Memory and SQLite load are identical across intervals because they scale by fleet size, not check-in frequency. CPU and network scale linearly with frequency.

Capacity Recommendations

No Tuning: Up to 10,000 Envoys

Default settings handle 10,000 envoys at 30-second check-ins:

  • ~10% of one core (sustained), ~24% on config change burst
  • ~1.4 GiB memory
  • ~1 MB/s network
  • 50 ms SQLite flush every 10 seconds

With Tuning: 10,000-15,000 Envoys

checkin:
  interval: "30s"
  jitter_percent: 10
tuning:
  gogc: 200
  memory_limit: "6GiB"
  grpc_read_buffer: 16384
  grpc_write_buffer: 16384

Reduces gRPC buffer memory by half (320 MiB at 10k instead of 640 MiB). Comfortable up to 15,000 envoys on 8 GB.

Beyond 15,000 Envoys

Options:

  1. Upgrade to 8 vCPU / 16 GB — handles ~30,000 envoys at 30s intervals with tuning
  2. Spanner (hub-spoke) — shard fleet across spoke servers, each handling its own subset

Streaming vs. Polling at 30 Seconds

At 30-second polling, the latency for ad-hoc tasks is "up to 30 seconds" (average 15 seconds). For most operational workflows, this is fast enough. Streaming is only worth enabling if you need sub-second task dispatch or if the fleet runs frequent live queries.
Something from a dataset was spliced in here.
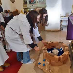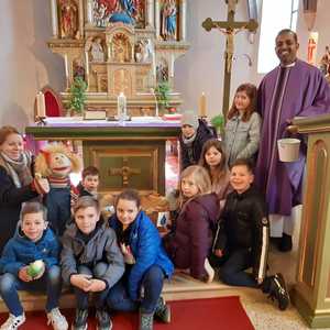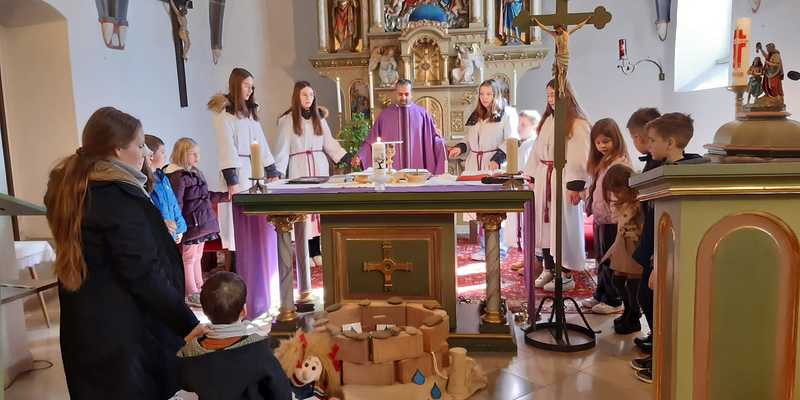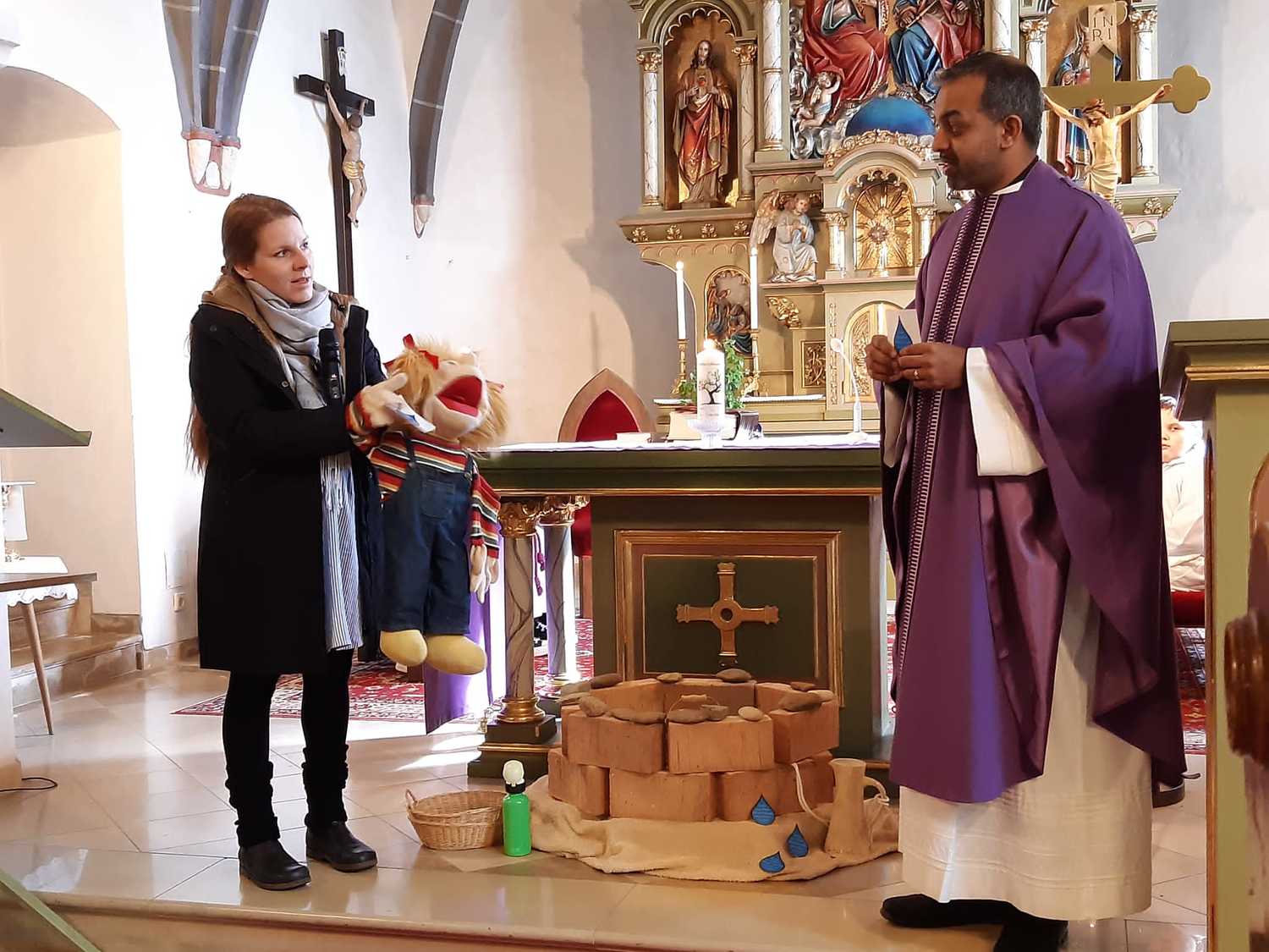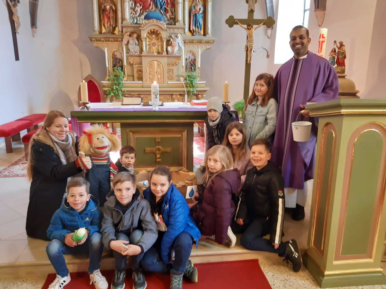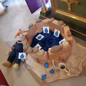 Zu dieser Bibelstelle gestaltete sich am 3. Fastensonntag, 12.März 2023 der Kindergottesdienst und das Thema lebendiges Wasser zog sich wie ein roter Faden durch die Hl.Messe. So bauten die Kinder nach dem Einzug in die Kirche vor dem Altar aus Steinen einen Brunnen, bei dem die Handpuppe Maja bei der Predigt mit Pfarrer Shinto ins Gespräch kam. Dabei wurde so manch offene Frage geklärt, was eigentlich mit lebendigem Wasser gemeint war.

Bottleneck Hierarchy (30-Second Intervals)

  1. Memory (gRPC buffers) — 640 MiB at 10k connections. First hard limit at ~20k envoys on 8 GB (with tuned 16 KiB buffers, ~25k).
  2. CPU (ED25519 verify) — 10% of one core at 10k envoys. Saturates all 4 cores at ~40k-60k envoys.
  3. SQLite flusher — 125 ms at 25k envoys. Not a concern until ~80k+ envoys per flush window.
  4. Network — 2.5 MB/s at 25k envoys. Under 3% of 1 Gbps.